Aux injonctions explicites de performance-production et de jouissance-consommation qui caractérisaient le néolibéralisme s’ajoute la neutralisation de la capacité que nous avons de ne pas faire tout ce dont nous sommes capables, de notre capacité de “réticence” ou de transformation de nos pulsions en désirs conscients. — Antoinette Rouvroy

Un usage prédateur des données

PointCulture : Que recouvre le concept de gouvernementalité algorithmique en regard des écrits de Foucault ?

Antoinette Rouvroy : La gouvernementalité algorithmique, c’est l’hypothèse d’un gouvernement du monde social fondé sur le traitement algorithmique (automatique) des données massives proliférant de nos comportements (relations, interactions, trajectoires,...) plutôt que sur la politique, le droit, les normes sociales, dans une multitude de secteurs d’activité et de gouvernement. Nous appelons donc gouvernement algorithmique un mode de gouvernement - production de normes (standards, règles) et adjudication (décisions judiciaires, administratives, commerciales et autres affectant des individus) - nourri essentiellement de “données brutes” (signaux infra-personnels et a-signifiants mais quantifiables), opérant par configuration anticipative des possibles (à travers l’optimisation anticipative des environnements: espaces médiatiques, espaces physiques, relations,...) plutôt que par réglementation (permission, interdiction) des conduites, et ne s'adressant aux individus que par voie d’alertes provoquant des réflexes plutôt qu'en s’appuyant sur leurs capacités (postulées) d'entendement et de volonté.
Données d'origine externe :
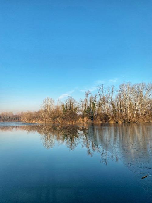 Passeggiata al laghetto di un’ex cava tra Maerne e Martellago, due paesotti dell’entroterra veneziano. Attorno al lago, c’è un grande parco pubblico, molto frequentato soprattutto in primavera ed estate. Oggi sei gennaio, giorno del mio compleanno, è parzialmente ghiacciato.
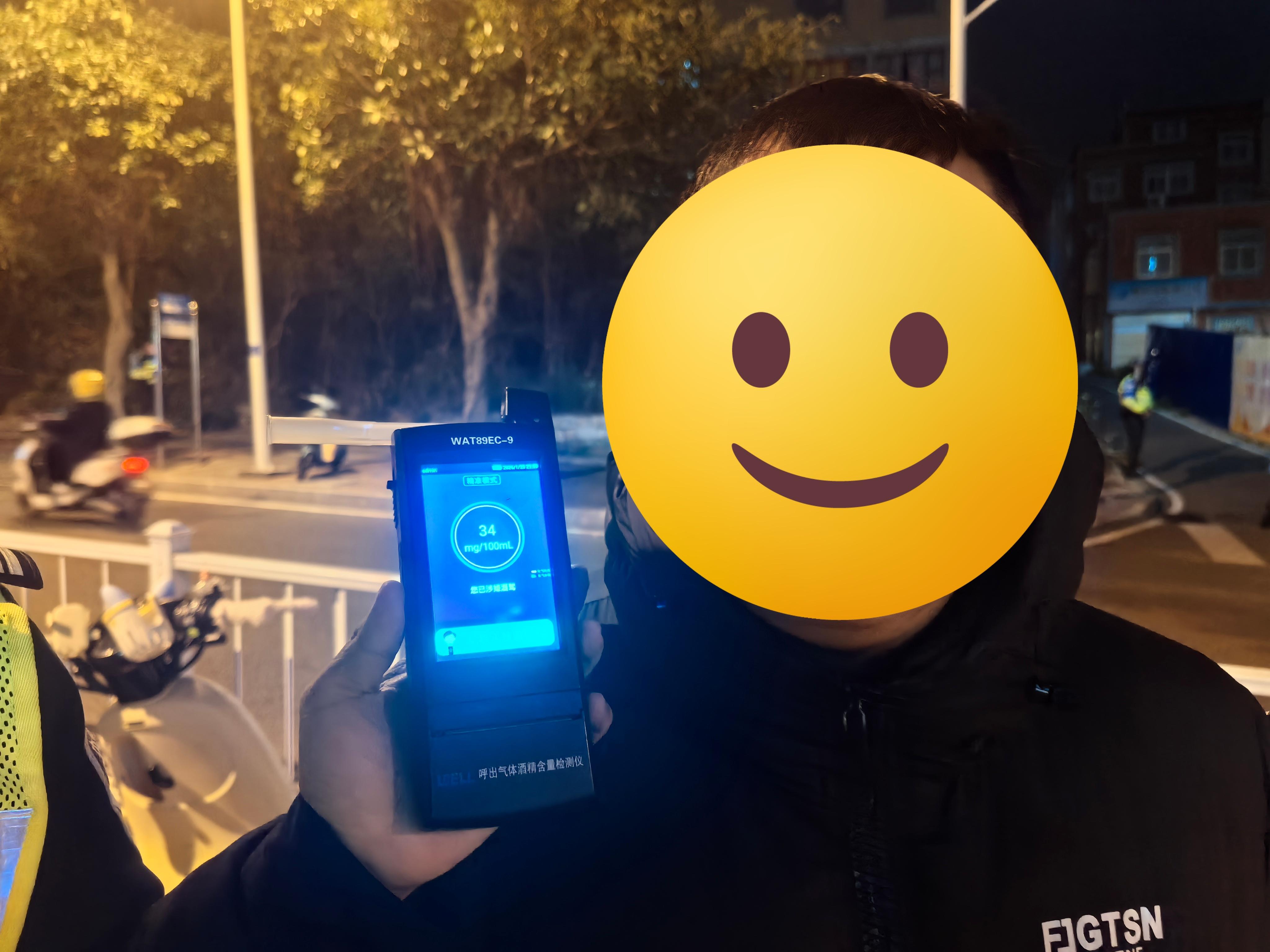 酒精测量结果:34mg/100ml
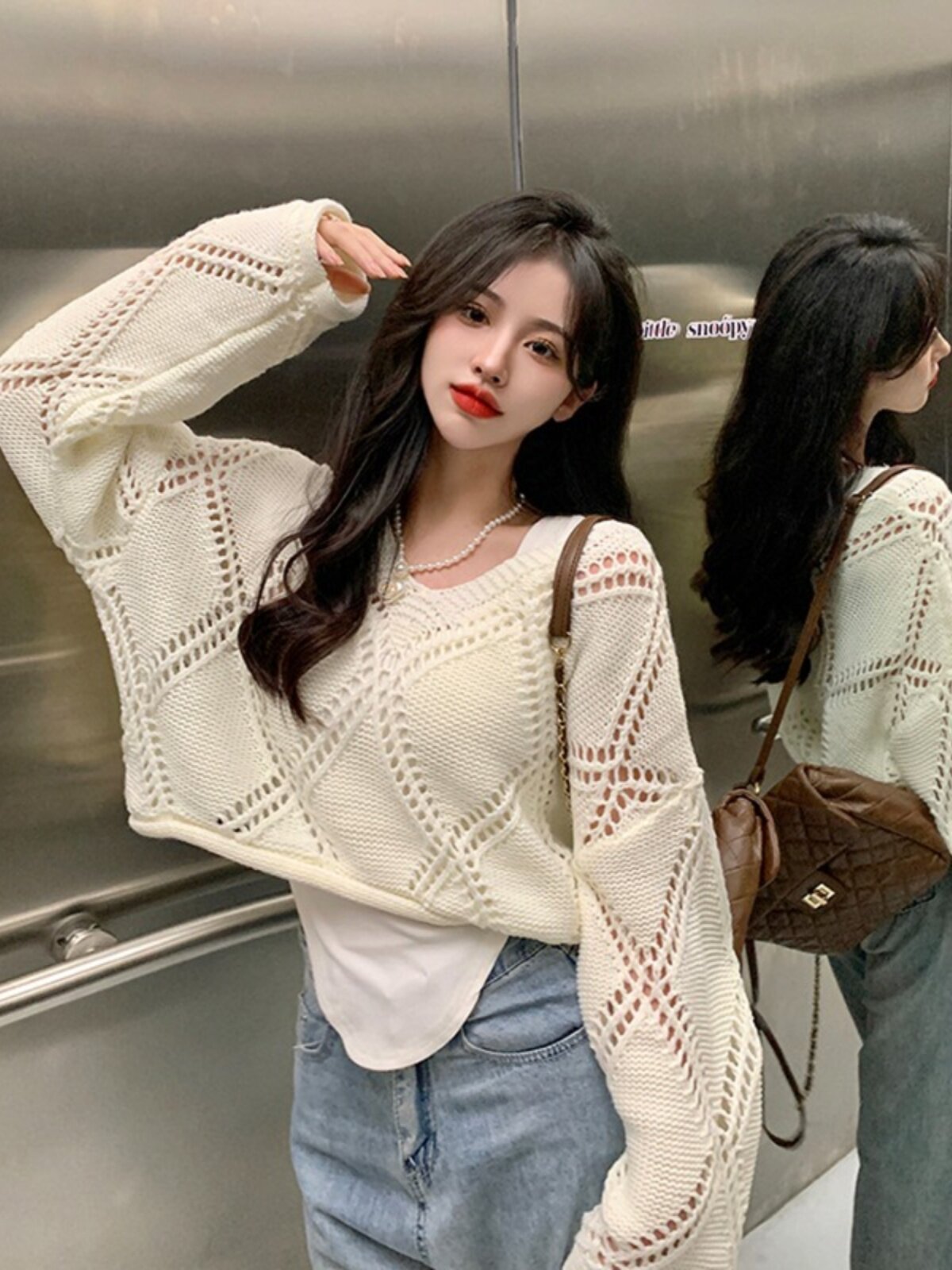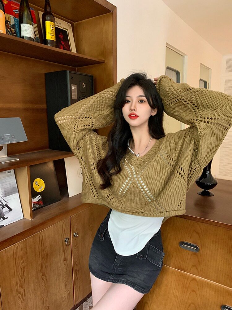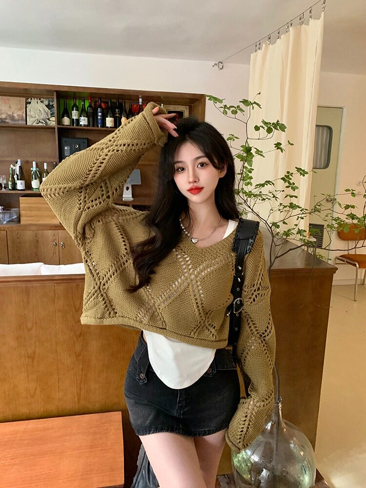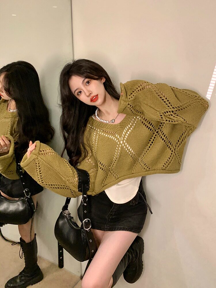 Весенний трикотажный лонгслив, свитер, в корейском стиле, подходит для подростков, оверсайз, в стиле Шанель

Notons d’emblée que toute intermédiation algorithmique ne s’intègre pas nécessairement dans l’hypothèse de la gouvernementalité algorithmique. Le machine learning et, plus généralement, la capacité qu’ont les machines de nous rendre sensibles à des régularités du monde qui ne sont repérables que sur des grands nombres, a vocation au contraire à augmenter notre intelligence individuelle et collective en nous donnant accès à une “stéréo-réalité” à la fois analogique et numérique de nature à améliorer nos manières de nous gouverner et de coordonner nos comportements de façon soutenable (à condition, toutefois, de reconnaître que les algorithmes sont, tout autant que les décideurs humains, toujours “biaisés” à leur façon, même si ces “biais” n’apparaissent pas évidents à débusquer tant ils paraissent “résorbés” dans les couches cachées des réseaux de neurones). Ce que je vise dans ma critique de la gouvernementalité algorithmique, c’est un certain usage, actuellement dominant, prédateur, que je dirais “contre-nature” (eu égard aux possibilités offertes par ces machines) du data-mining, du machine learning et de tout ce que l’on place sous le signe de l’intelligence artificielle au service de “rationalités sectorielles” visant à optimiser des états de faits insoutenables au profit de bureaucraties publiques et privées soucieuses, pour les unes, de ne plus assumer la charge et la responsabilité de “décider” en situation d’incertitude et, pour les autres, de sélectionner et de faire advenir, parmi les possibles co-présents, le possible qui maximise leur intérêt sans que celui-ci soit nécessairement aligné avec l’intérêt commun.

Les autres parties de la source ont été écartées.